- Theatrical release poster
- Directed by: Murugadasa
- Screenplay by: Kothamangalam Subbu Ki. Raa. Nayina
- Based on: Gnana Soundari by Nawab Rajamanikkam Pillai
- Produced by: Nayina
- Starring: M. K. Radha Susheela T. R. Ramachandran P. Kannamba
- Cinematography: M. Natarajan
- Edited by: N. R. Krishnaswamy
- Music by: M. D. Parthasarathy
- Production company: Gemini Studios
- Release date: 18 June 1948;
- Country: India
- Language: Tamil

= Gnana Soundari (Gemini film) =

1948 Indian film directed by Murugadasa and produced by Gemini Studios

Gnana Soundari is a 1948 Indian Tamil-language film produced by Gemini Studios. A film by the same name and with the same story (Gnana Soundari) but with a different cast and crew was produced by Citadel Studios and was running successfully when this film was released. This film was a flop and the producer withdrew it from circuits.

== Plot ==
Gnanam is the only daughter of King Dharmar. From her childhood she is an ardent devotee of Mary, mother of Jesus. She is ill-treated by her step-mother. She grows into a beautiful young girl and becomes Gnana Soundari. Her step-mother plans to kill her while the king is away. Arranged by the step-mother, Gnana Soundari is taken to a forest by goons. However, instead of killing her, the goons amputate both her arms and abandon her. A prince from a neighboring state comes to the forest for hunting and finds Gnana Soundari.
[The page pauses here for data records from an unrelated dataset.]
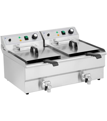 Elektro-Doppel-Fritteuse - 2 x 16 l - 6000 W - Ablasshahn - Royal Catering RCPSF 26ETH
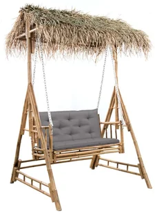 Huśtawkę ogrodową wykonano z odpornego na czynniki pogodowe i wytrzymałego bambusa, a jej daszek pokryto liśćmi palmowymi, dzięki czemu wniesie ona tropikalny styl do Twojej przestrzeni zewnętrznej. Siedzisko zawieszono na metalowych łańcuchach, aby zapewnić maksymalne bezpieczeństwo. Co więcej dołączone poduszki oferują większy komfort podczas odpoczynku. Każda poduszka zawiera dwa zestawy sznurków, aby mocno przymocować ją do ławki.
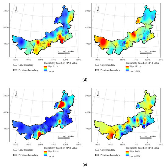 The spatial distribution of (a) drought, (b) mild drought, (c) moderate drought, (d) severe drought, and (e) extreme drought, in 1958–1992 (left-hand side), and 1993–2019 (right-hand side).
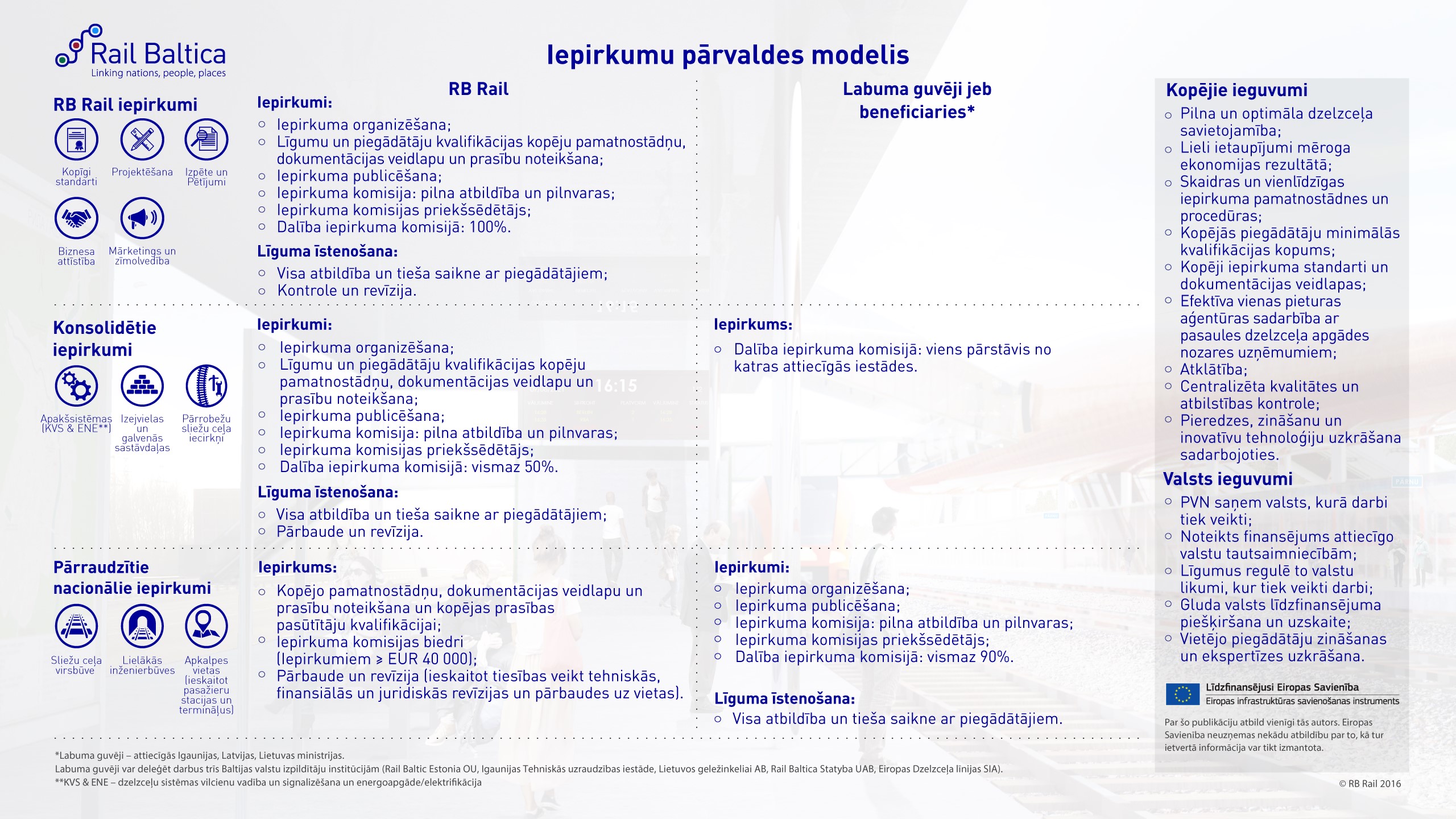 Iepirkumu procesa pamatnostādnes, institūciju lomas un atbildības sadali nosaka Rail Baltica projekta finansēšanas un izpildes modelis, kas ieviests, savstarpēji vienojoties kopuzņēmumam, labuma guvējiem un nacionālajiem ieviesējiem.
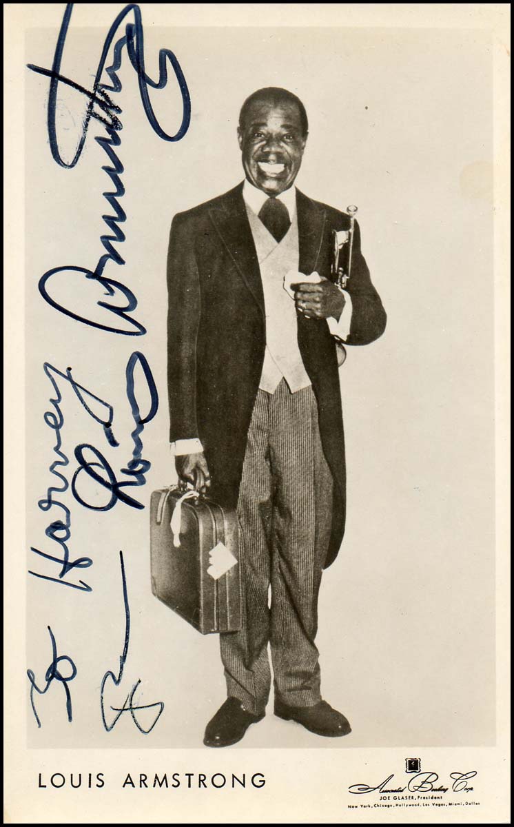 Vintage glossy publicity postcard photograph of the great Satchmo with his trumpet tucked under his arm and carrying a valise, boldly signed and inscribed in black ink and in very fine condition. 3.5 x 5.5 inches.
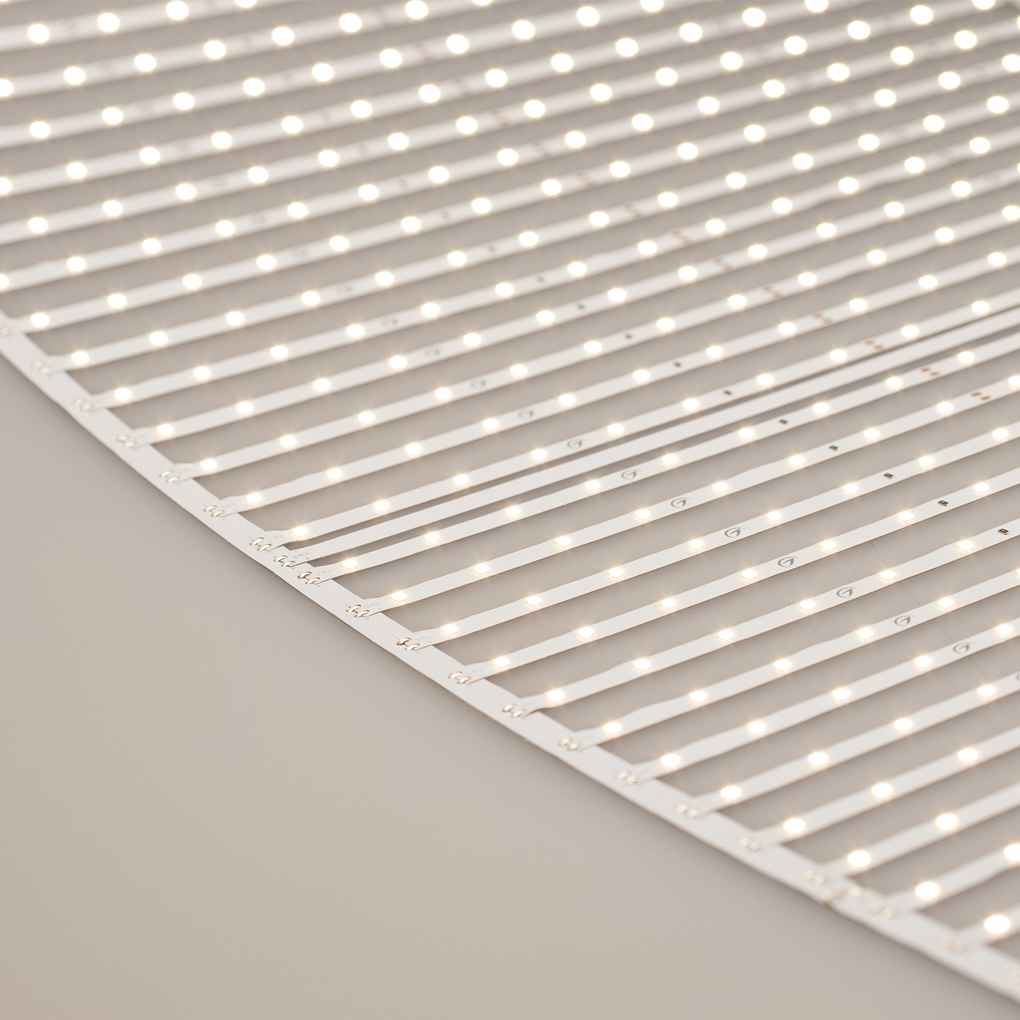 Лента-сеть из 6 сегментов по 20 линий, соединенных между собой платой. Общая длина сети 3000 мм, что позволяет делать подсветку больших поверхностей: потолков, стен, ниш, колонн. Светодиоды SMD 2835 (640 шт/м) дневного белого цвета свечения (3900–4000 К) с индексом цветопередачи CRI>85 и высокой световой эффективностью. Мощность 43.6 Вт/м, напряжение питания 24 В. Шаг резки 500 мм. Быстрый монтаж на основу-скотч 3М и простое подключение. Дополнительный теплоотвод не обязателен.
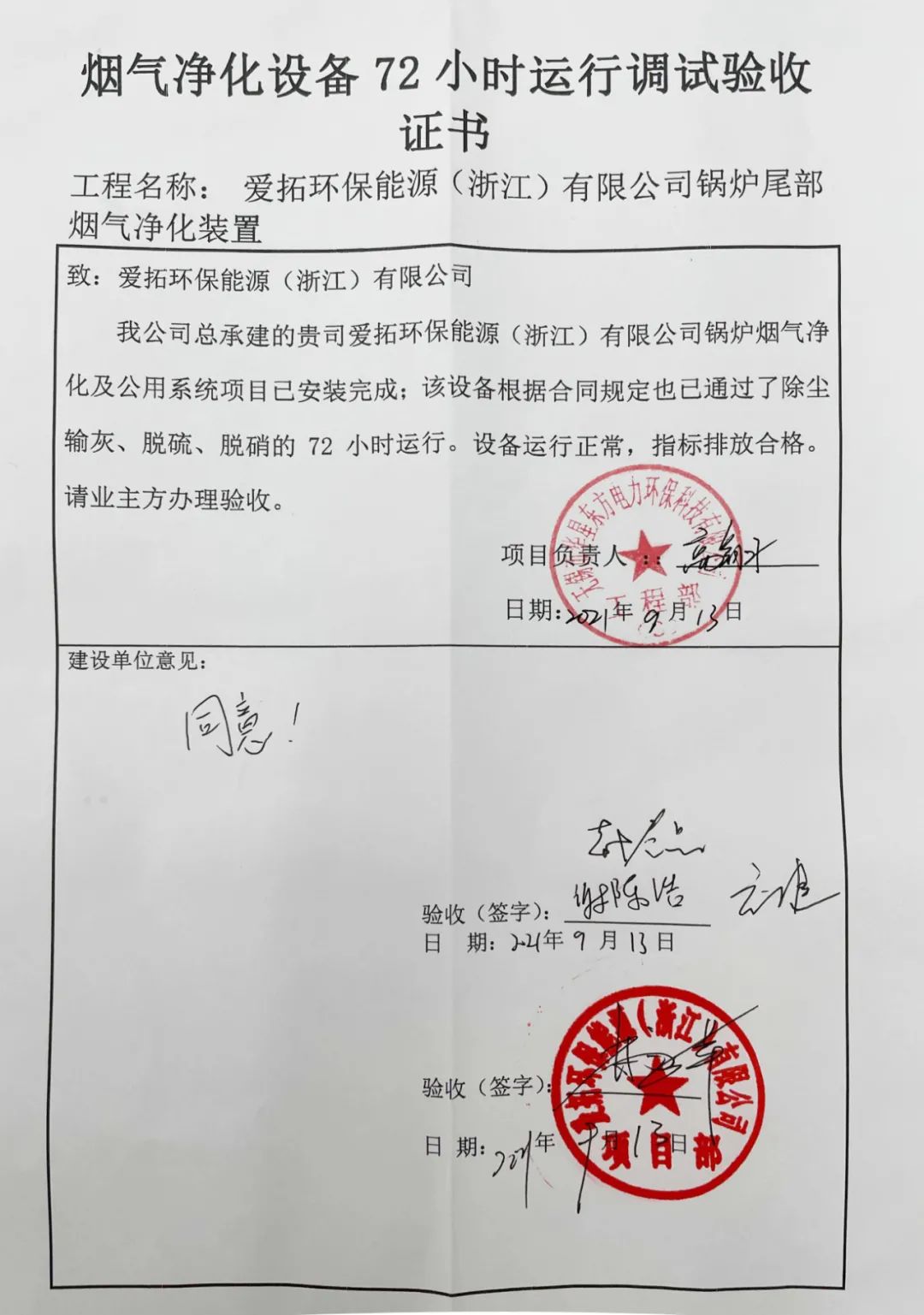 我公司承建的浙江省愛(ài)拓環(huán)保能源(浙江)有限公司鍋爐尾部煙氣凈化工程于2021年9月13日通過(guò)72+24小時(shí)試運(yùn)行。
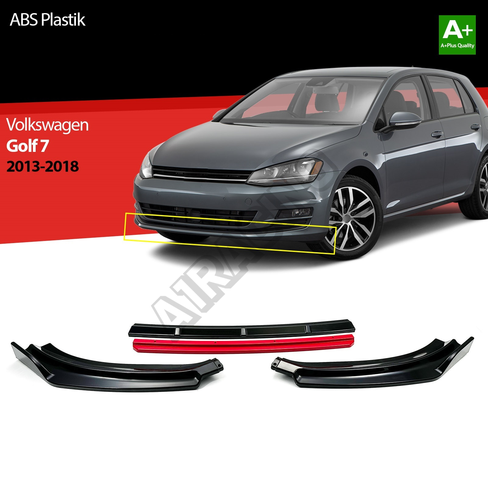 Spoiler pod přední nárazník VW GOLF VII 2012-17 černý lesklý Materiál : pružný plast ABS v lesklém
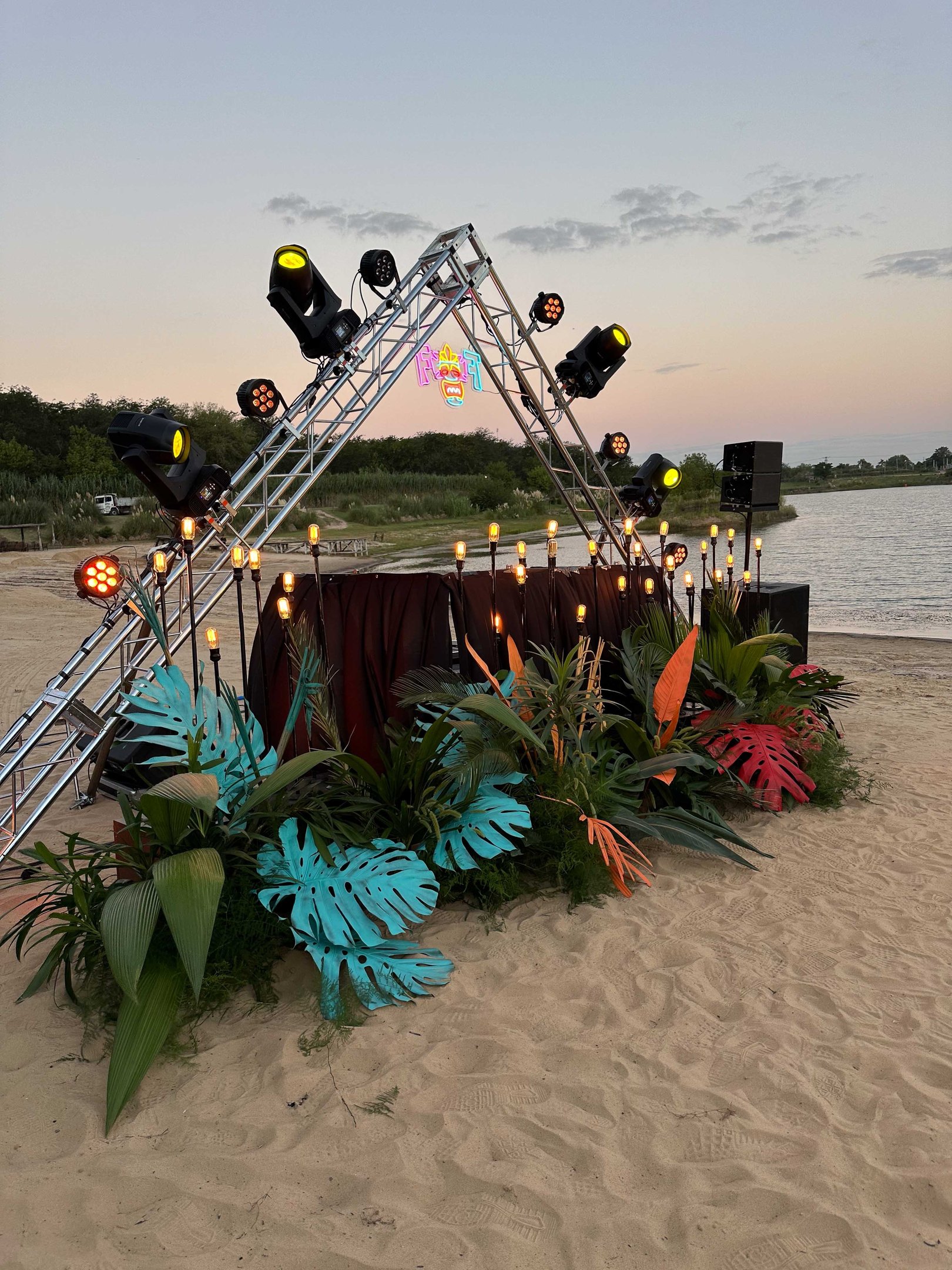 Para esta fiesta de fin de año con temática Sunset Tulum interpretamos la estética tropical desde una mirada contemporánea.
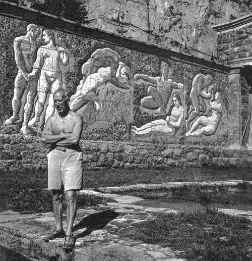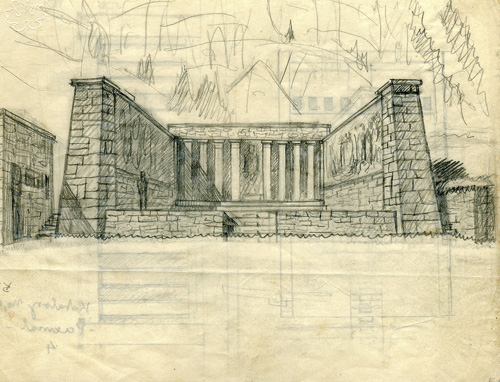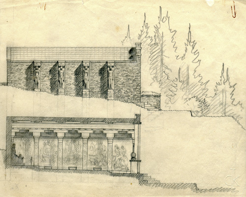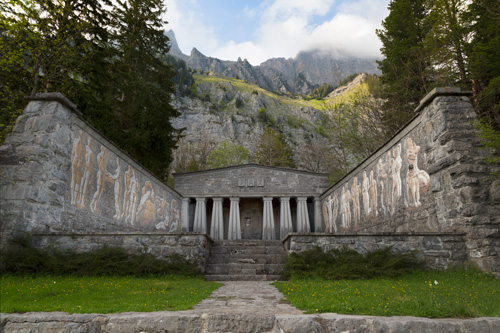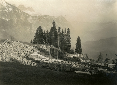 25 Jahre lang, von 1924 bis 1949, arbeitete Karl Bickel an der Verwirklichung dieses Friedensdenkmals auf Walenstadtberg. Er selbst, seine Frau und sein Sohn nahmen grosse Strapazen auf sich und wohnten sogar viele Jahre lang im Giebelraum des entstehenden Bauwerks, 1300 m.ü.M. und weit abgelegen von der Ortschaft Walenstadt. Der in jungen Jahren kurz vor dem Ersten Weltkriegs an Tuberkulose erkrankte Karl Bickel hatte gelobt, dem Frieden ein Denkmal zu bauen, wenn er von der Krankheit genesen sollte.
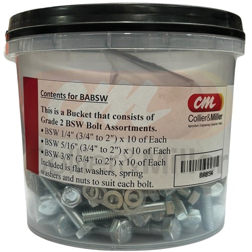This is a bolt assortment that consists of Grade 2 BSW threaded mild steel bolts, nuts, flat washers and spring washers.
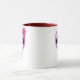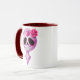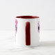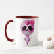 This loveable purple sugar skull is decorated with tribal swirls and drops with a large violet heart in the middle of the forehead. A single red rose sits on the side of the round skull just above the large black eyes. Flower pedals surround the eyes and the mouth has stitches that make their way up the side of the cheek. This mug design is an adorable example of this Day of the Dead symbol.
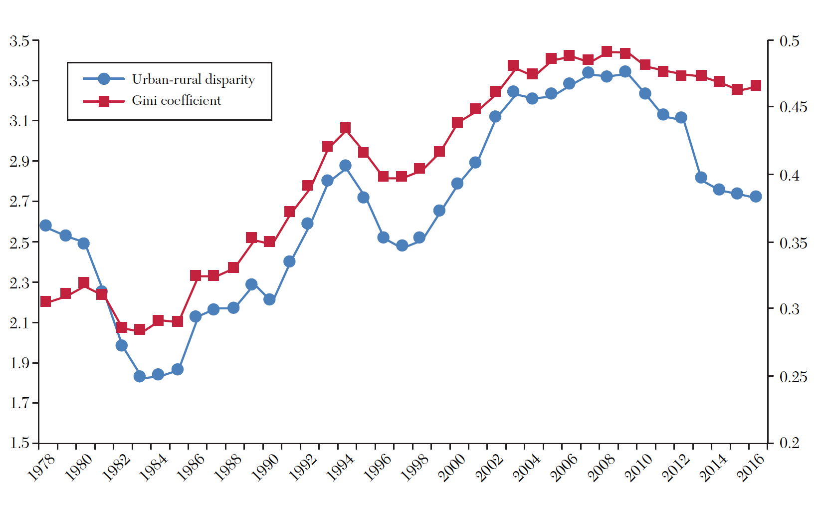 Figure 3 from Zhang’s paper shows how closely correlated urban and rural disparity (blue dotted line plotted along the left-axis) is to overall inequality in the country (red squares along right y-axis), since China implemented market-oriented reforms in 1978. Price reforms on agricultural products in the early 1980s helped to increase the income of rural households and thus reduced income disparity with city dwellers. But that trend was short-lived. The urban–rural divide began to grow once urban reforms—notably those related to manufacturing goods—were implemented in the mid-1980s. Urban–rural income disparity generally grew over the subsequent decades, peaking in 2009 when the per capita income in urban areas was three times higher than in rural regions.
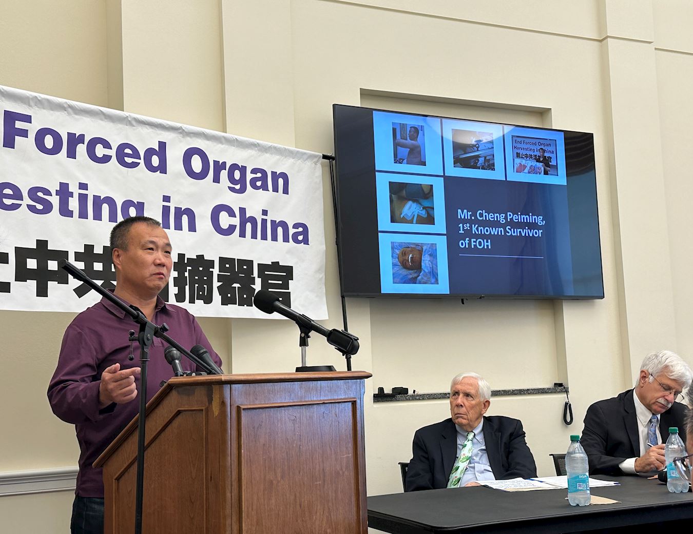 ![]() 图2:二零二四年九月四日,法轮功学员程佩明在美国国会众议院向在场的国会工作人员,媒体记者讲述了自己被活摘器官的遭遇,并感谢美国政府的营救。 |
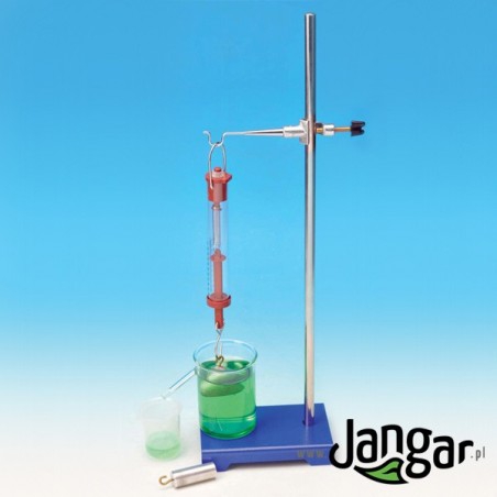 Pomoc w sposób jasny i poglądowy objaśnia prawo Archimedesa. Składa się ze statywu z ruchomym wieszakiem, na którym zawieszamy siłomierz, szklanej zlewki z rurką odprowadzającą skierowaną pionowo w dół, zlewki-odbieralnika oraz dwóch ciężarków – o kształcie regularnym i nieregularnym.

He rescues and then falls in love with her. In spite of his father's objection, the prince marries Gnana Soundari. But she has not divulged her true identity to him. Her father's kingdom is attacked by enemies and the Prince, as a neighbor, helps her father in fighting off the attacking army. The father (king) learns the whole story. Mary restores the arms to Gnana Soundari.

== Cast ==
- P. Kannamba as Gnana Soundari
- M. K. Radha as Pilendran
- V. S. Susheela as Arokkiyam
- T. R. Ramachandran as Michael
- L. Narayana Rao as Simiyon
- T. E. Krishnamachariar as Dharmar
- T. N. Meenakshi as Lenal
- Velayutham as Anthony
- Subbaiah Pillai as Michael

== Release and reception ==
Gnana Soundari was released on 18 June 1948. The Indian Express praised the performances of the lead cast, Kannamba's singing, the settings, photography and recording, though the critic felt Radha was underutilised. According to historian Venkatesh Ramakrishnan, viewers disliked the film in which the characters spoke in "Brahmanical" accent for a Christian-themed film and broke the chairs of the theatre. The film stopped screening, and Vasan subsequently announced that it would not be screened in any theatre in the future. Venkatesh Ramakrishnan believes he later burnt the negatives of the film.